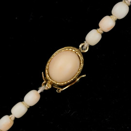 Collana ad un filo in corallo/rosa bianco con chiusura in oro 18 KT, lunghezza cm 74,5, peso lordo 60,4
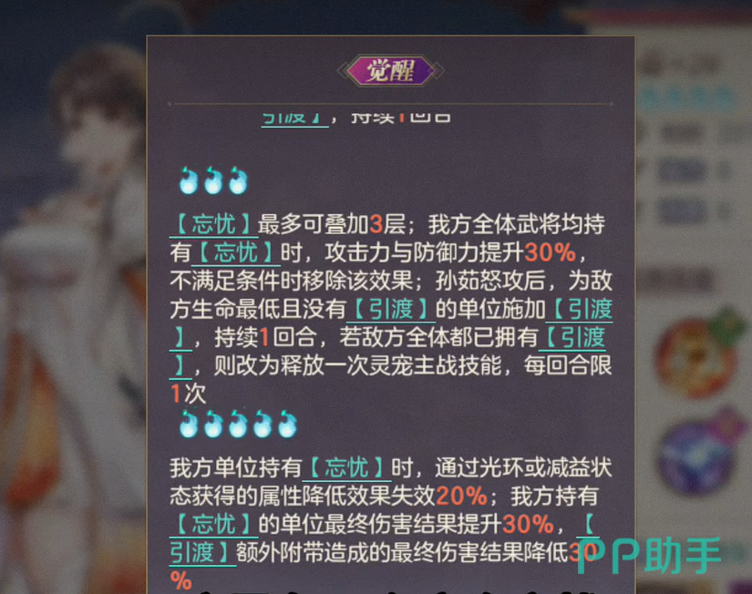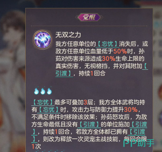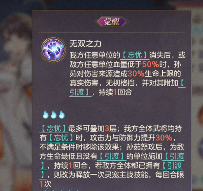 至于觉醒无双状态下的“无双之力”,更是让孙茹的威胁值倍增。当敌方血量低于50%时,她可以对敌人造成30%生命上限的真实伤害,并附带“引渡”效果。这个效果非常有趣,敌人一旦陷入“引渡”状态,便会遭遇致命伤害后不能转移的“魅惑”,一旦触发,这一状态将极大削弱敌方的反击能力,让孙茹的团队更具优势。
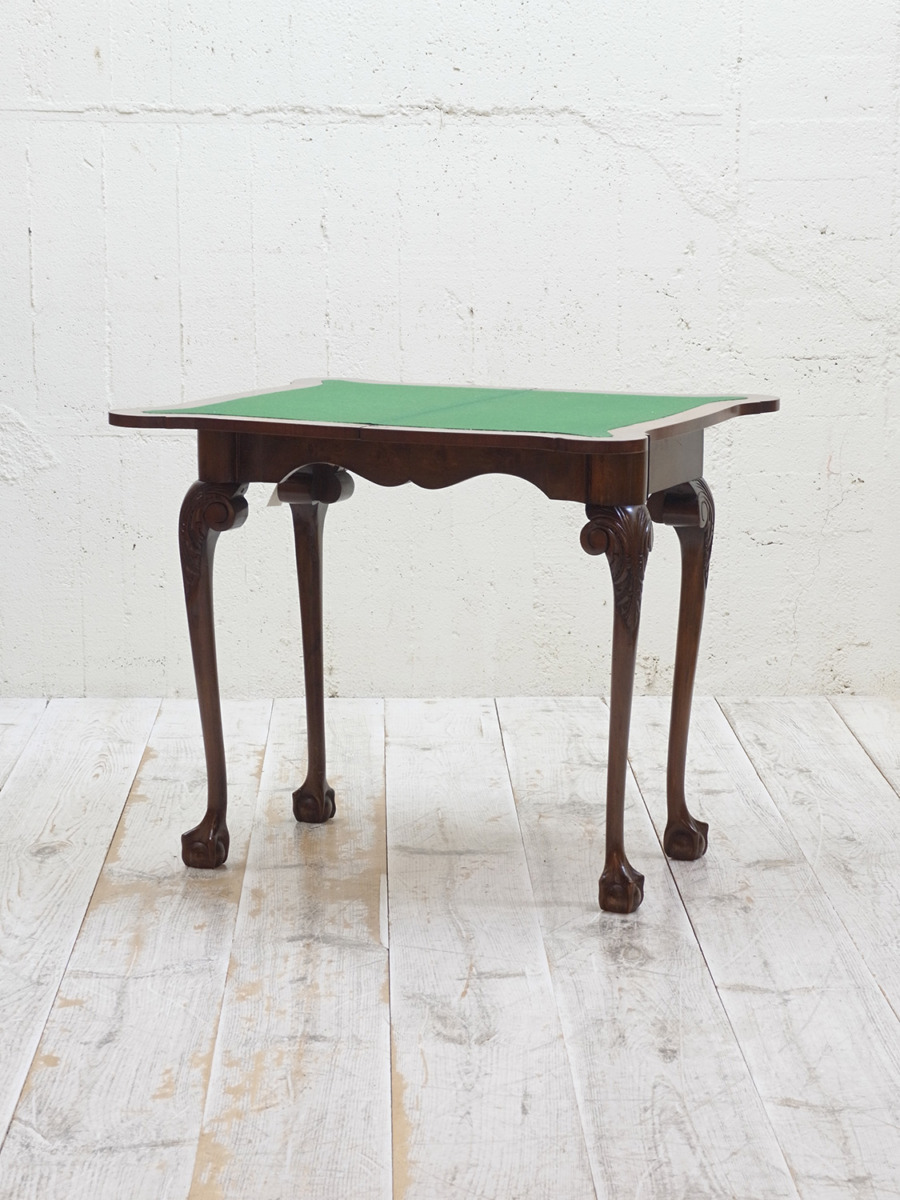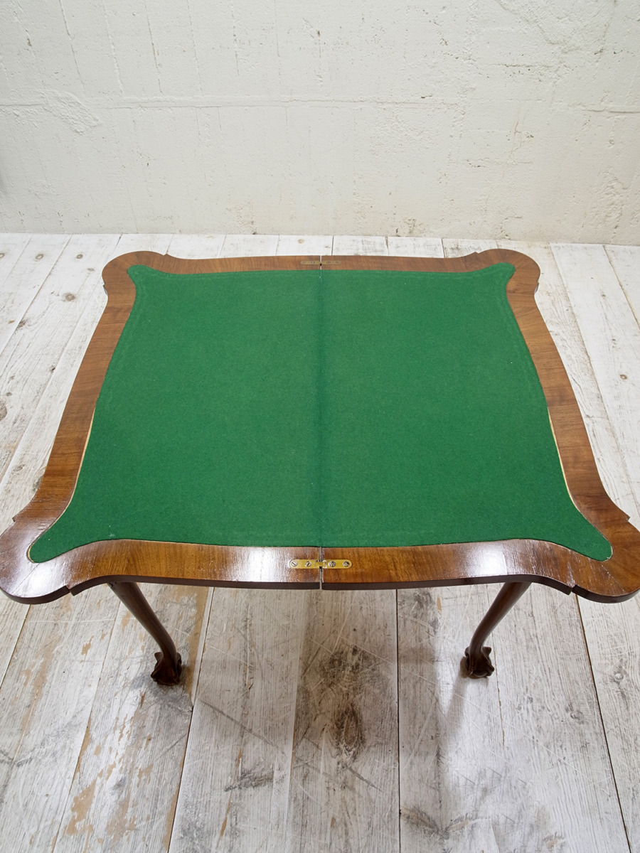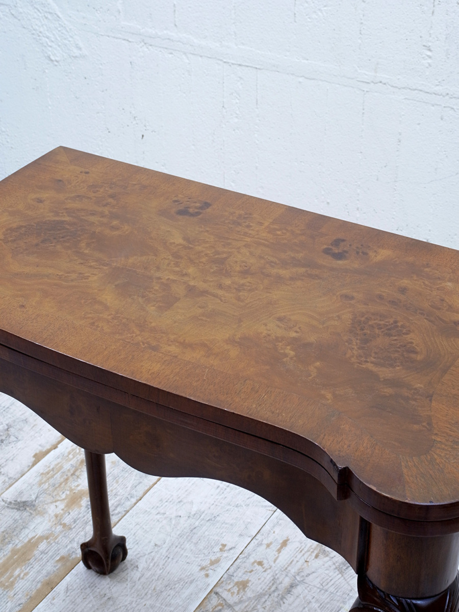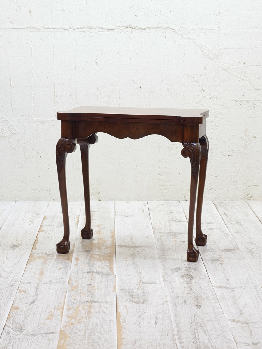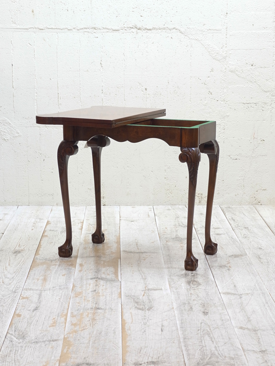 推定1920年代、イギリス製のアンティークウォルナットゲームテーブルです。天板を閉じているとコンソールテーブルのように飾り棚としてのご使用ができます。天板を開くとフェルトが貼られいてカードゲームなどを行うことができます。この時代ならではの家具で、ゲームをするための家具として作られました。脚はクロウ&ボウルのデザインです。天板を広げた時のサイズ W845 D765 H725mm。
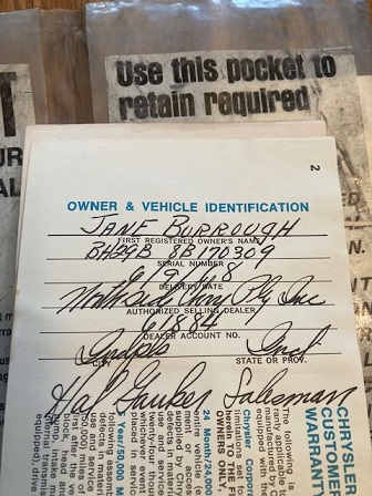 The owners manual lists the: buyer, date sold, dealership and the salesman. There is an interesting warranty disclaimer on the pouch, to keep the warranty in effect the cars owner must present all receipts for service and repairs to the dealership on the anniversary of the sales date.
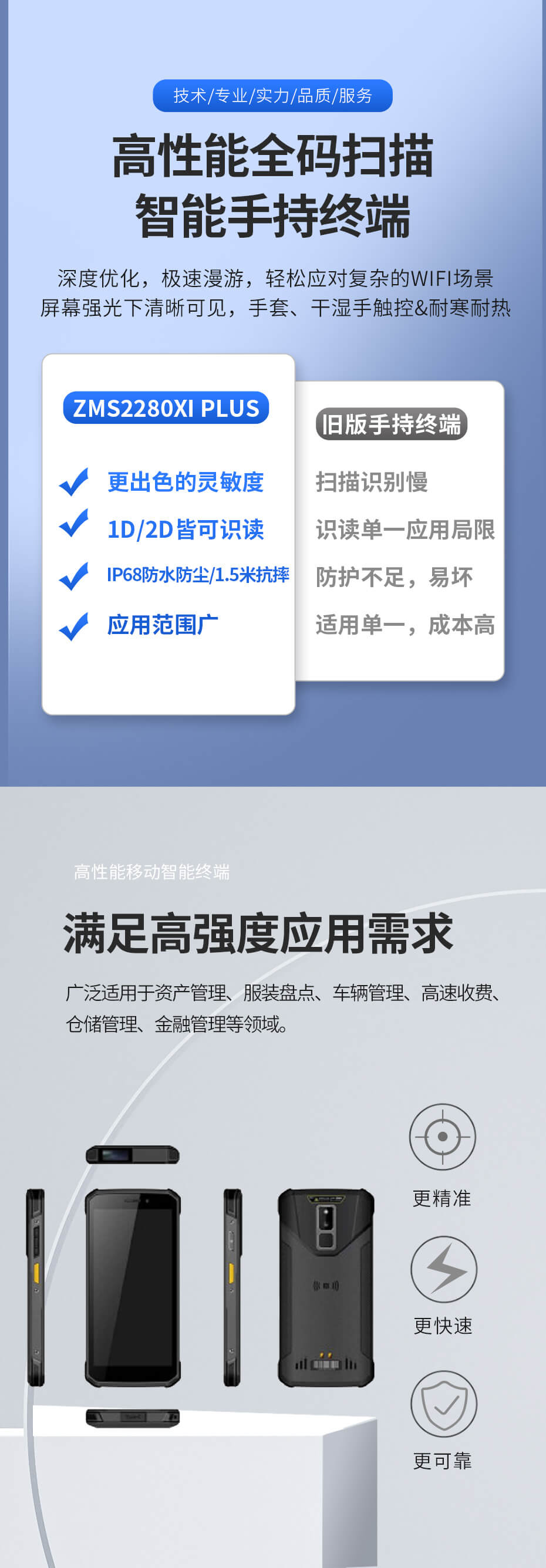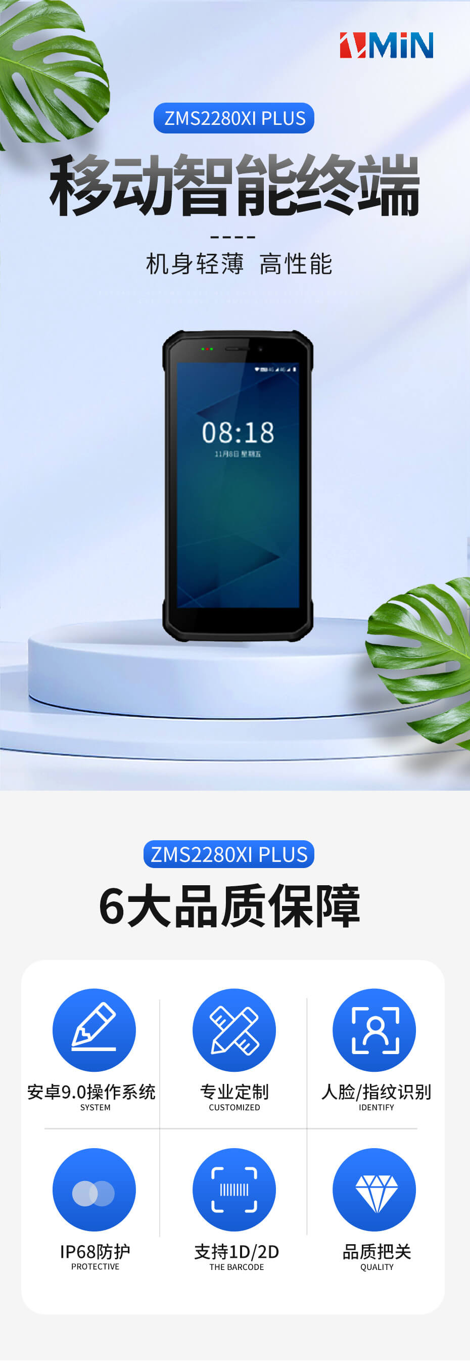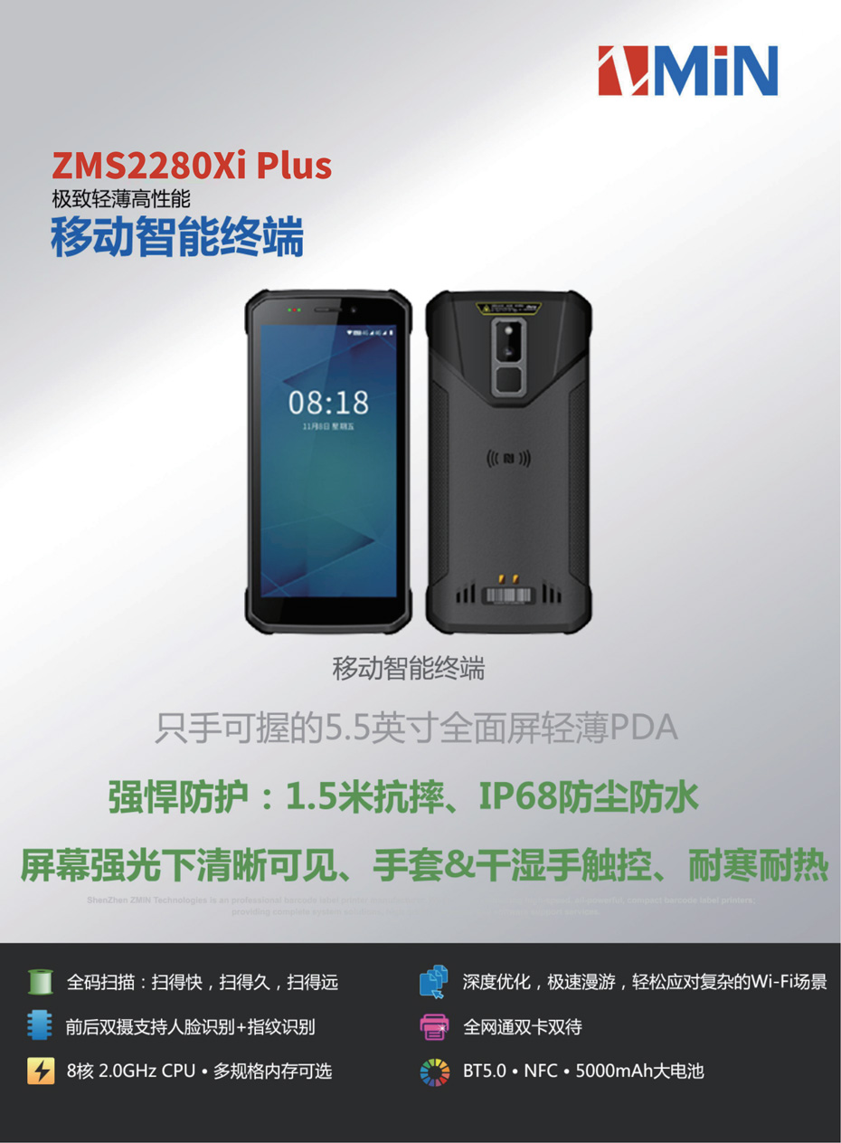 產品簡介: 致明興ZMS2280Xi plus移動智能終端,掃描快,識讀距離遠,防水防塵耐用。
-=-=-
◆ **EXERCISE BRIEF**
Restate the material word for word from its first line through the line containing "W845 D765 H725mm。", both included; the pictures do not belong in it.

◆ **WRITTEN RESPONSE**
 Collana ad un filo in corallo/rosa bianco con chiusura in oro 18 KT, lunghezza cm 74,5, peso lordo 60,4
 至于觉醒无双状态下的“无双之力”,更是让孙茹的威胁值倍增。当敌方血量低于50%时,她可以对敌人造成30%生命上限的真实伤害,并附带“引渡”效果。这个效果非常有趣,敌人一旦陷入“引渡”状态,便会遭遇致命伤害后不能转移的“魅惑”,一旦触发,这一状态将极大削弱敌方的反击能力,让孙茹的团队更具优势。
 推定1920年代、イギリス製のアンティークウォルナットゲームテーブルです。天板を閉じているとコンソールテーブルのように飾り棚としてのご使用ができます。天板を開くとフェルトが貼られいてカードゲームなどを行うことができます。この時代ならではの家具で、ゲームをするための家具として作られました。脚はクロウ&ボウルのデザインです。天板を広げた時のサイズ W845 D765 H725mm。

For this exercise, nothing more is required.